SIXTH EXTINCTION: The Panamanian golden frog, pictured here, is extinct, thanks to a lethal combination of habitat destruction, climate change and a fungal disease. Image: Jeff Kubina

It’s an uncomfortable thought: Human activity causing the extinction of thousands of species, and the only way to slow or prevent that phenomenon is to have smaller families and forego some of the conveniences of modern life, from eating beef to driving cars, according to Stanford University scientists Paul Ehrlich and Robert Pringle.

This extinction—the sixth in the 4-billion-year history of the Earth—"could be much more catastrophic than previous ones," says Ehrlich, author of the controversial Population Bomb, which predicted that hundreds of millions of people would starve to death in the 1970s. That fate was forestalled by the green revolution in Asian agriculture, in which new strains of cereal crops plus enhanced use of fertilizer and irrigation allowed farmers to grow enough food to feed a burgeoning population. But this is a new threat: "Anything in the vicinity of the previous ones," Ehrlich says, such as the mass extinction at the end of the Cretaceous that killed half of all species, including the dinosaurs, "would wreck civilization."

Right now, at least 2,000 frogs, salamanders and other amphibians are in danger of going extinct, according to a survey by biologists David Wake and Vance Vredenburg, writing in the Proceedings of the National Academy of Sciences USA. Coastal seas and estuaries have lost as much as 91 percent of certain species, such as oysters, according to another survey. And nearly 50 percent of all temperate grasslands and forests have disappeared.

But through it all the species responsible for this change—through overuse, pollution and other impacts—has continued to thrive and multiply, reaching roughly 6.7 billion in population and counting.

"The fate of biological diversity for the next 10 million years will almost certainly be determined during the next 50 to 100 years by the activities of a single species," write Ehrlich and Pringle in their proposal for addressing the biodiversity crisis. Adds Pringle: "The world's remaining wild areas and the species in them are being pulverized, and that's a multi-layered tragedy."

That’s why Ehrlich and Pringle call for educating women, which has slowed or stopped population growth in the developed countries of Europe. "Education and employment—for women especially—along with access to contraception and safe abortions are the most important components," they write. Adds Ehrlich: "The most basic response is to get going on stopping population growth and starting a decline. Second is doing something about consumption. If you don't do anything about those, then you are in trouble in all the others: more people, means more greenhouse gases, which means more rapid climate change."

A series of studies in PNAS detail the extent of the sixth extinction. As of the end of last year, more than 16,000 species faced extinction and 785 had already been lost, according to the International Union for the Conservation of Nature.

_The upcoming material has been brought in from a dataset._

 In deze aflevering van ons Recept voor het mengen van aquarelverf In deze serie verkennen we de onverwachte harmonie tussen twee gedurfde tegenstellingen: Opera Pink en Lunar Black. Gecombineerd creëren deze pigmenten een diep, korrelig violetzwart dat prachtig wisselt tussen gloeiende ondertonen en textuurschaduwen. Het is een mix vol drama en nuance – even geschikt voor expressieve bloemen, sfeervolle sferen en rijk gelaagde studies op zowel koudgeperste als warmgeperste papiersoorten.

But biologist E. O. Wilson notes that most species remain to be discovered and may be winking out without humans noting their passing; he estimates that at least 12,000 species are dying out every year.

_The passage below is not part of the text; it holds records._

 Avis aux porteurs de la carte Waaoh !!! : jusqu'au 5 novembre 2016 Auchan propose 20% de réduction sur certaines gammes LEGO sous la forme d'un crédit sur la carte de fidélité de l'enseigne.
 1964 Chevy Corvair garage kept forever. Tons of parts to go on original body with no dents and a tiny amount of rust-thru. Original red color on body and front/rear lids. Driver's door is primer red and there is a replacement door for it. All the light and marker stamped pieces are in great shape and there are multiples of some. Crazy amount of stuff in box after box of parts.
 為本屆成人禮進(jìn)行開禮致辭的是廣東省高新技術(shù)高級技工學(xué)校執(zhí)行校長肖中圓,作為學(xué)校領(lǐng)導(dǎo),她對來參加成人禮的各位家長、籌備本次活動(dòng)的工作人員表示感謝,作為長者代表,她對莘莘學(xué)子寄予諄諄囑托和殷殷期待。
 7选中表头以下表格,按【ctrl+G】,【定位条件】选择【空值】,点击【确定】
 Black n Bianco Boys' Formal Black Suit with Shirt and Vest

Amphibians are among the most threatened thanks to a lethal combination of climate change, habitat destruction and a deadly fungal infection (chytridiomycosis)—and many unique species, including frogs that reared their young in their own stomachs from Australia, have already disappeared. In fact, last year's prediction by the U.N. Intergovernmental Panel on Climate Change that amphibians who lived on mountainsides would increasingly go extinct is now reality.

Meanwhile, human use of sea life, particularly overfishing, has emptied the oceans. Longline fishing records reveal that nearly 90 percent of pollock and haddock have disappeared in the last century and cod alone has decreased by 96 percent since 1852. Large sharks continue to dwindle while other species, such as clam-eating cownose rays, have exploded in the absence of predators. Jellyfish are among the only living things to thrive in the oxygen-starved waters of expanding dead zones. Even the Great Barrier Reef has living coral on only 23 percent of its surface, one-half of levels in 1980.

With the human population growing—predicted to reach 9.3 billion by 2050—along with the need for more food, more goods and more resources, the outlook for other species seems grim. But the outlook is also troubling for humans, note Ehrlich and Pringle. In particular, humanity relies on the services provided by the natural world for free, such as clean water. Then there are the bees: Regardless of whether honeybees become extinct as a species as a result of colony collapse disorder, climate change and other threats, the local extinction of various honeybee populations and the pollination they provide could spell disaster for human agriculture.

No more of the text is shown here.